Designing page objects

For web applications and system testing, we do not want to exercise just one unit of the system but the entire system. We want to do what we called system testing. What should we test in a web application, with all the components working together and an infinite number of different paths to test?

Following what we discussed in the testing pyramid, all the units of the web application are at this point (we hope) already tested at the unit or integration level. The entities in the Spring PetClinic, such as Owner or Pet, have been unit-tested, and all the queries that may exist in DAOs have also been tested via integration tests similar to what we just did.

But if everything has already been tested, what is left for us to test? We can test the different user journeys via web testing. Here is Fowler’s definition of a user journey test (2003): “User-journey tests are a form of business-facing test, designed to simulate a typical user’s journey through the system. Such a test will typically cover a user’s entire interaction with the system to achieve some goal. They act as one path in a use case.”

Think of possible user journeys in the Spring PetClinic application. One possible journey is the user trying to find owners. Other possible journeys include the user adding a new owner, adding a pet to the owner, or adding a log entry of the pet after the pet visits the veterinarian.

Let’s test one journey: the find owners journey. We will code this test using a Page Object pattern. Page objects (POs) help us write more maintainable and readable web tests. The idea of the Page Object pattern is to define a class that encapsulates all the (Selenium) logic involved in manipulating one page.

For example, if the application has a List of Owners page that shows all the owners, we will create a ListOfOwnersPage class that will know how to handle it (such as extracting the names of the owners from the HTML). If the application has an Add Owner page, we will create an AddOwnerPage class that will know how to handle it (such as filling out the form with the name of the new owner and clicking the button that saves it). Later, we will put all these POs together in a JUnit test, simulate the whole journey, and assert that it went as expected.

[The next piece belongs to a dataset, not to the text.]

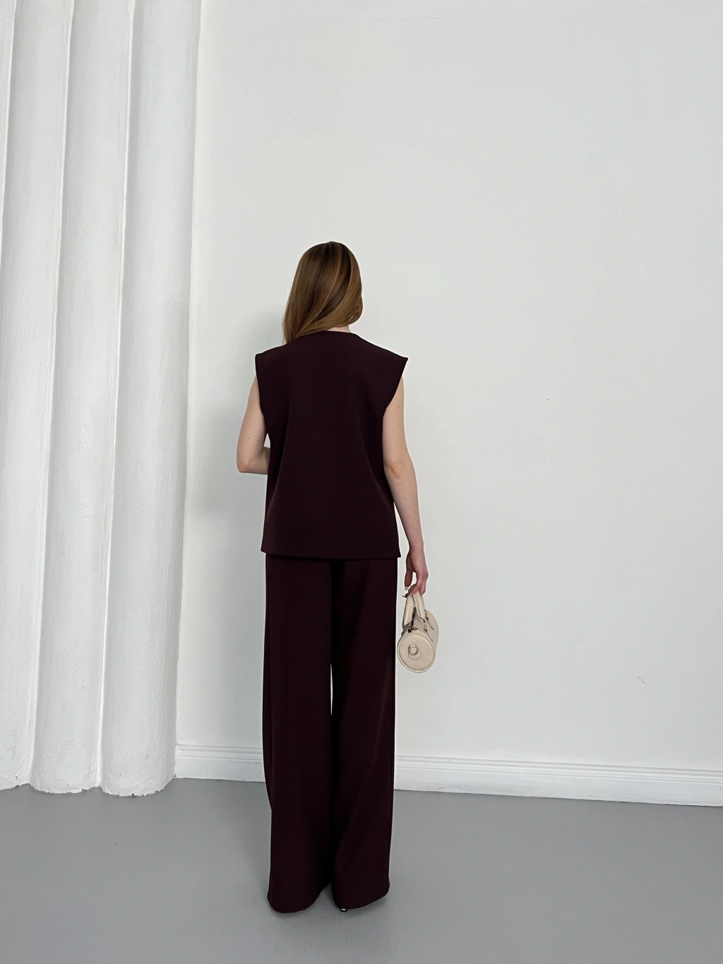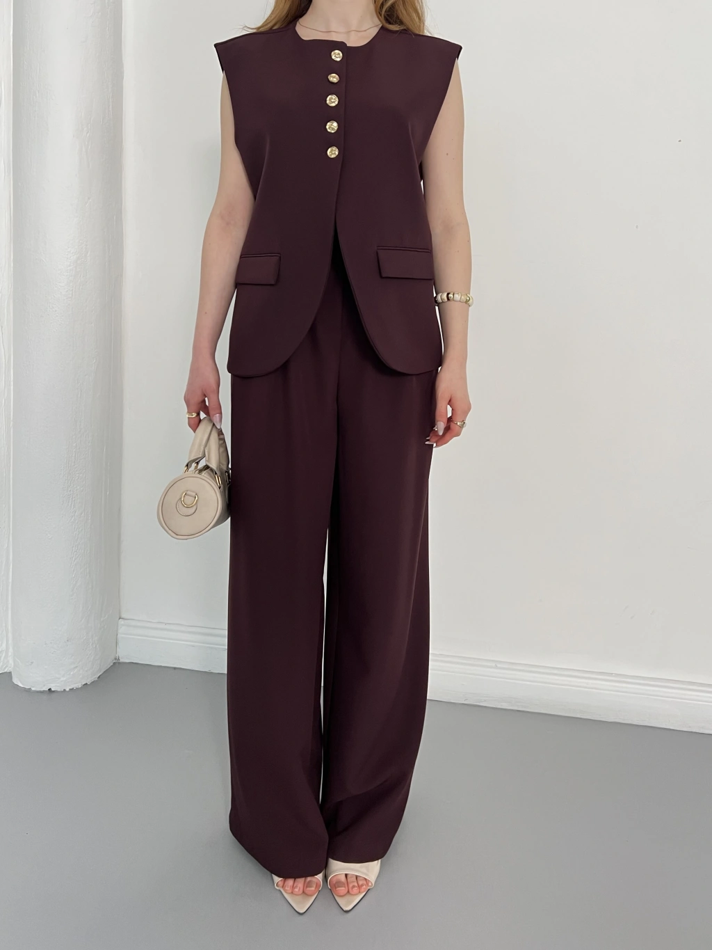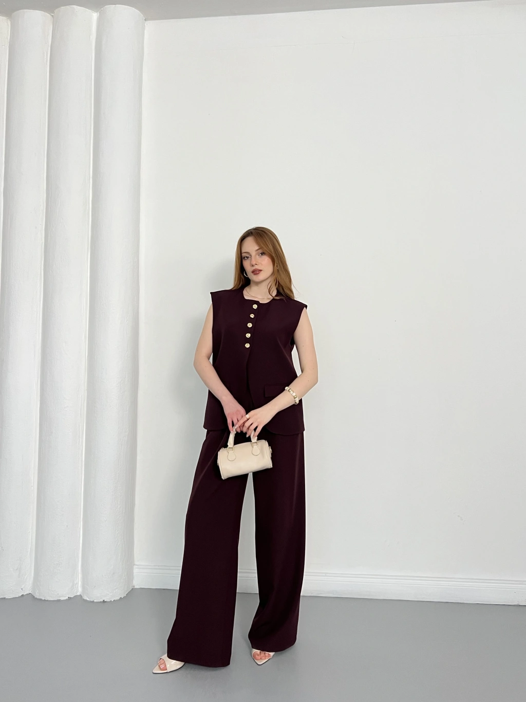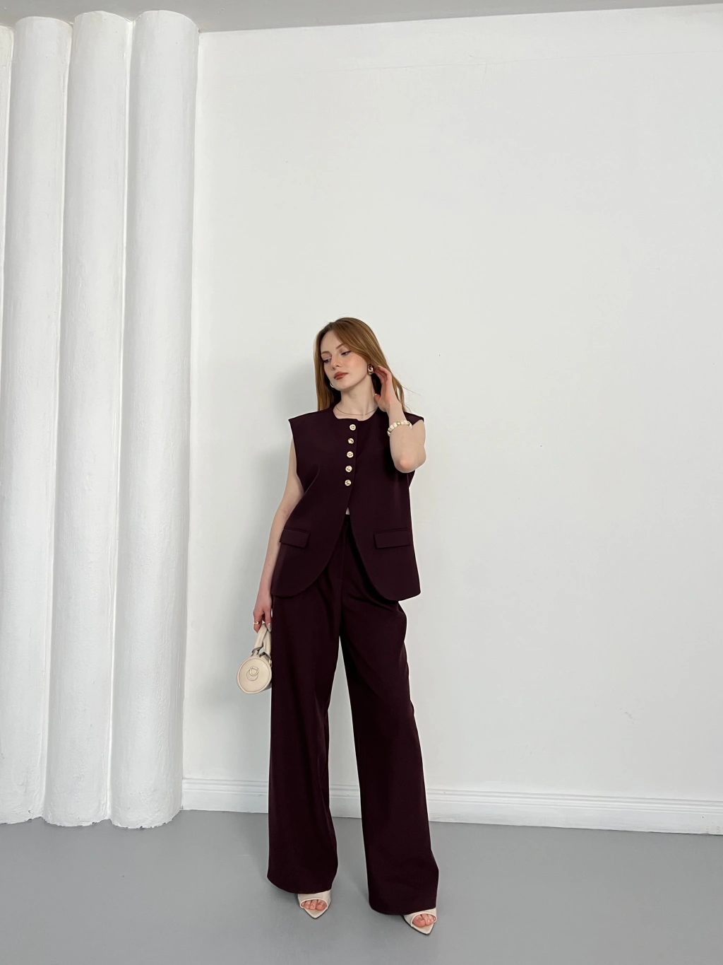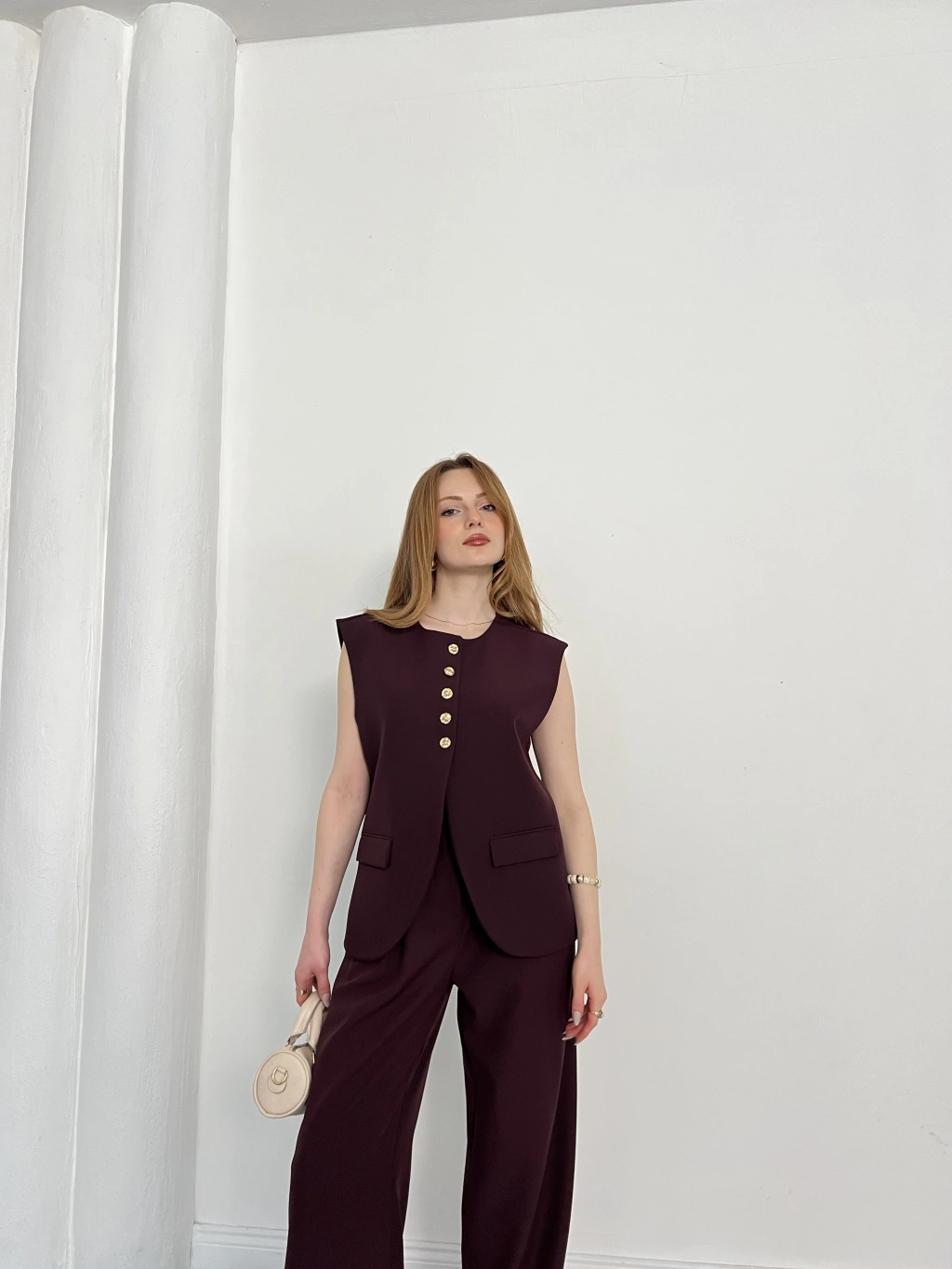 Gold Düğme Detaylı Tasarım Yelekli Takım Mürdüm
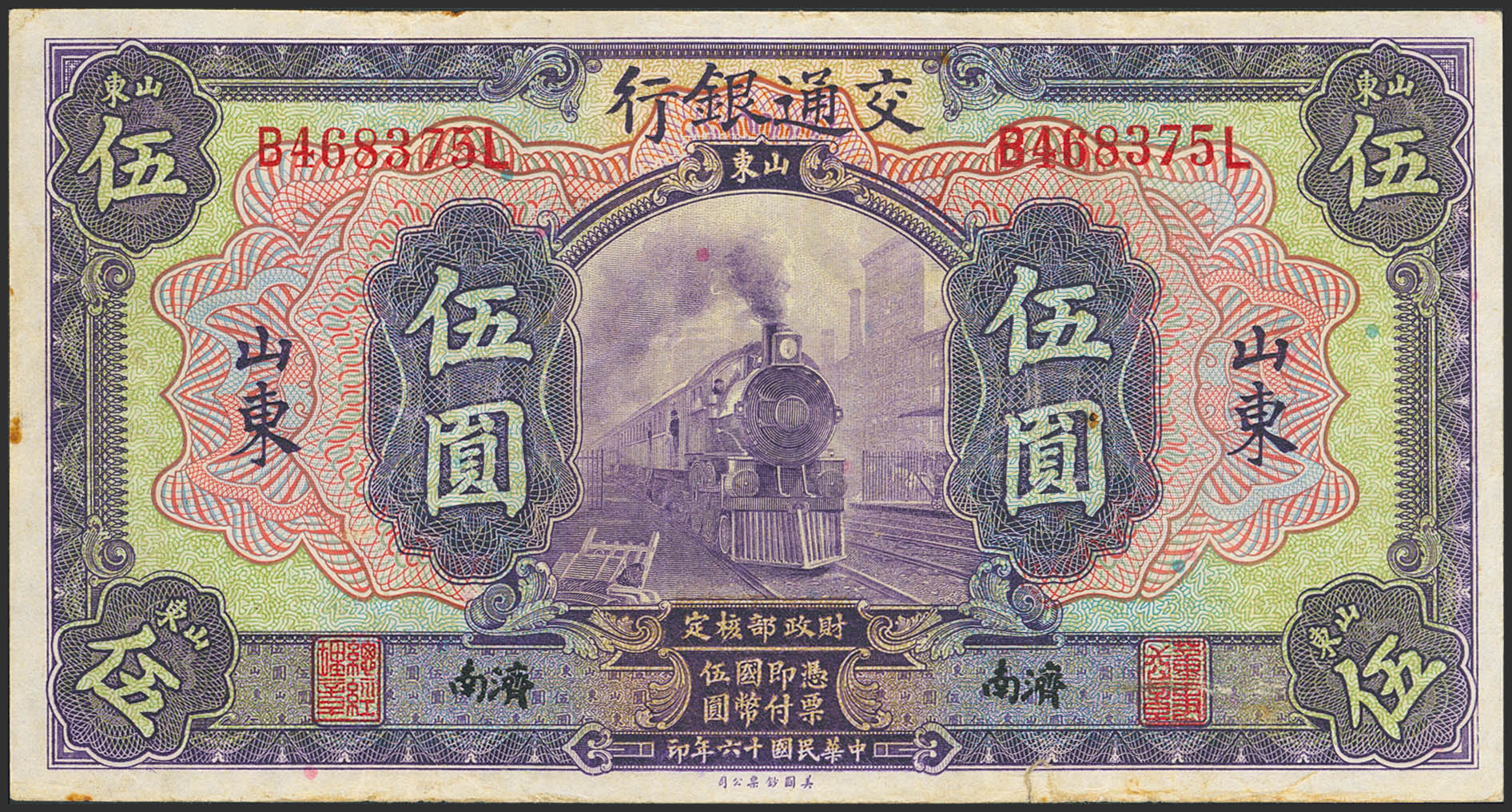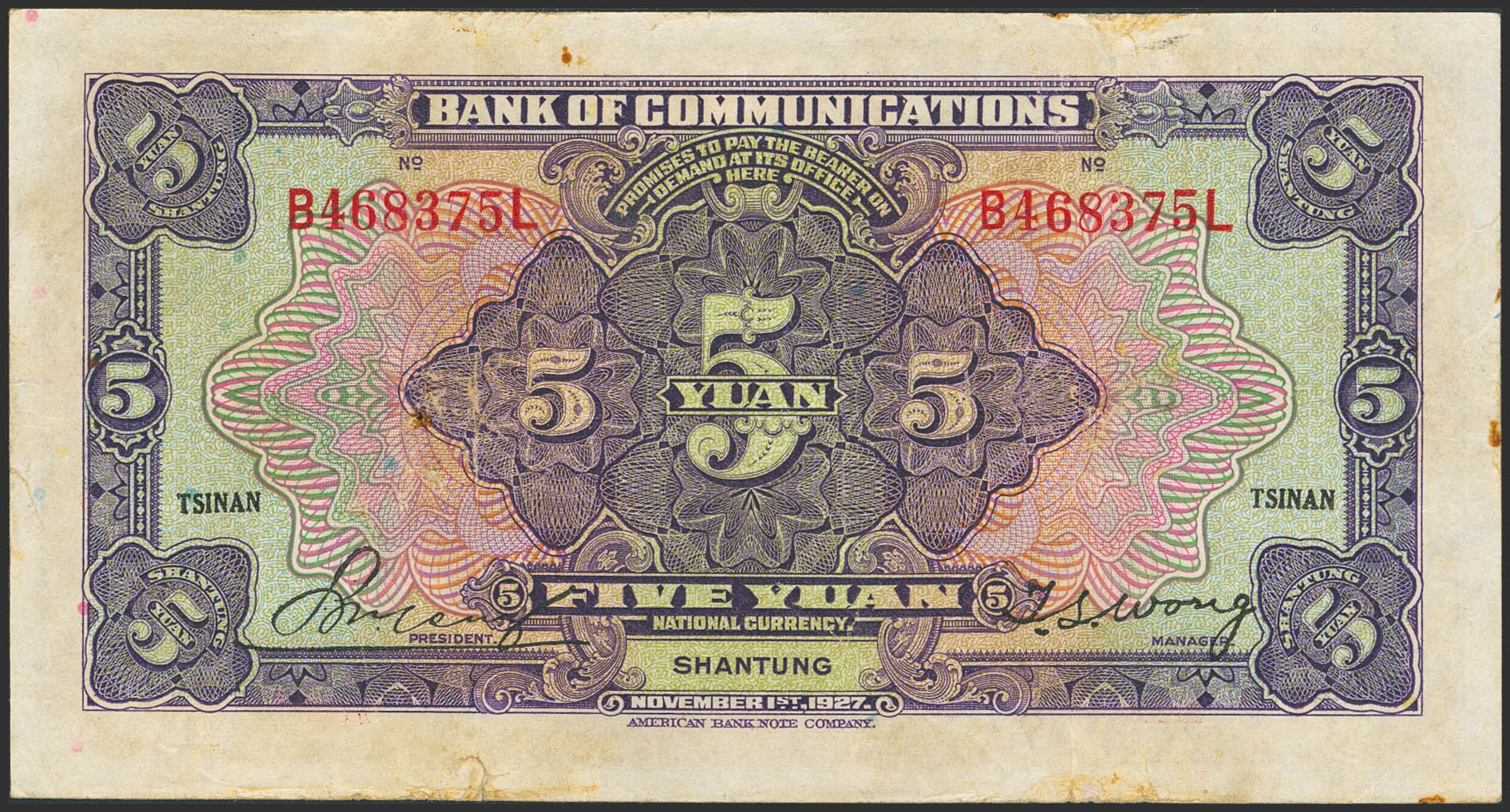 CHINA. 5 Yuan. 1 November 1927. Bank of Communication. Tsinan / Shantung. (Pick: 146Cd). Pinhole and tear. More than Very Fine.

When I write Selenium web tests, I prefer to start by designing my POs. Let’s begin by modeling the first page of this journey: the Find Owners page. This page is shown in figure 9.5, and the page can be accessed by clicking the Find Owners link in the menu.

Figure 9.5 The Find Owners page

This page primarily contains one interesting thing to be modeled: the “find owners” functionality. For that to work, we need to fill in the Last Name input field and click the Find Owners button. Let’s start with that.

Listing 9.25 FindOwners page object

public class FindOwnersPage extends PetClinicPageObject {
 
  public FindOwnersPage(WebDriver driver) {                             ❶
    super(driver);
  }
 
  public ListOfOwnersPage findOwners(String ownerLastName) {            ❷
    driver.findElement(By.id("lastName")).sendKeys(ownerLastName);      ❸
 
    WebElement findOwnerButton = driver
      .findElement(By.id("search-owner-form"))
      .findElement(By.tagName("button"));
    findOwnerButton.click();                                            ❹
 
    ListOfOwnersPage listOfOwnersPage = new ListOfOwnersPage(driver);   ❺
    listOfOwnersPage.isReady();                                         ❻
    return listOfOwnersPage;
  }
}

❶ The constructor of all our POs receives the Selenium driver. The PO needs it to manipulate the web page.

❷ This method is responsible for finding an owner on this page based on their last name.

❸ Finds the HTML element whose ID is lastName and types the last name of the owner we are looking for.

❹ Clicks the Find Owner button. We find it on the page by its ID.

❺ Takes us to another page. To represent that, we make the PO return the new page, also as a PO.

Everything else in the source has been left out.